- Color of berry skin: Blanc
- Species: Vitis vinifera
- Also called: Geilweilerhof 33-13-113
- Origin: Palatinate, Germany
- VIVC number: 8791

= Optima (grape) =

Variety of grape

Optima is a white wine grape that was created by viticulturalist Peter Morio at the Geilweilerhof Institute for Grape Breeding in the Palatinate in 1930. Morio crossed a Riesling x Silvaner cross with Müller-Thurgau. The Riesling x Silvaner is sometimes mentioned as Rieslaner, but more often just as "a Riesling x Silvaner". Due to the random element of genetic recombination involved in sexual reproduction of plants, no two crosses of the same parent grape varieties will be identical, so there is a difference between the Riesling x Silvaner cross Rieslaner, and each other such cross.

Optima received varietal protection and was released for general cultivation in 1970 and 1971, respectively. Its name is derived from the Latin language word for "the best".

Optima ripens very early, even before other varieties which are considered as early ripening, such as Müller-Thurgau. Its late budding made it popular in the Mosel region, since it thus was less prone to frost damage. It can also grow on poor sites, where more demanding grape varieties such as Riesling do not ripen very reliably. It also easily achieves very impressive must weights, resulting in its use as a booster of Prädikat levels and sweetness in cheap German blended wines, primarily in Rheinhessen and Mosel. This use is similar to the variety Ortega.

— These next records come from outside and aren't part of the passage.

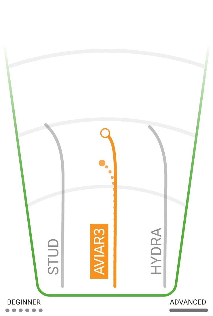 Innova Aviar3 jest bardziej stabilny niż jego poprzednicy, co oznacza, że lepiej utrzymuje kierunek i ma mniejszą skłonność do odchylania się na boki podczas lotu. Dzięki temu dysk oferuje więcej kontroli i precyzji.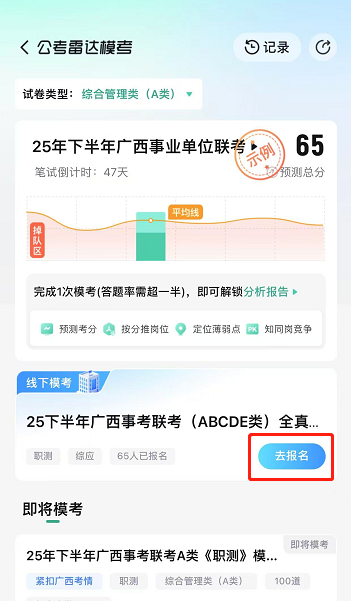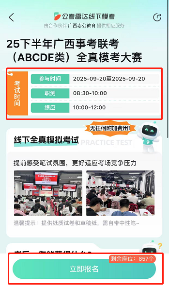 1??全zhen模擬高度還原:嚴(yán)格按照廣西事業(yè)單位聯(lián)考流程和時間進行,試卷對標(biāo)zhen題,考場安排也高度還原,給你沉浸式考試體驗。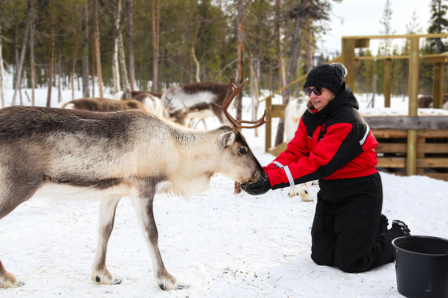 This immersive moment — walking quietly among the semi-wild animals, offering food by hand, surrounded by snowy trees and stillness — is what we call “reindeer therapy.” It's a peaceful, grounding experience that brings guests closer to Arctic nature and wildlife than ever before.

Varietal wines made from Optima grapes are usually yellow-green in colour, can show aromas similar to Riesling, but are lower in acidity. For this reason they have been described as "flabby and undistinguished", and as mentioned above, primarily used in blends.

German plantings of Optima peaked at 420 ha in 1990, but in similarity with many other new breeds of white German grapes, Optima has lost popularity in recent years. It is now grown on less than 100 ha of vineyards in Germany. The remaining plantations are found primarily in Mosel and Rheinhessen.

It is known under the synonyms (breeding codes) Geilweilerhof 33-13-113 and Gf. 33–13–113.

Optima was used in a crossing to produce the grape variety Orion.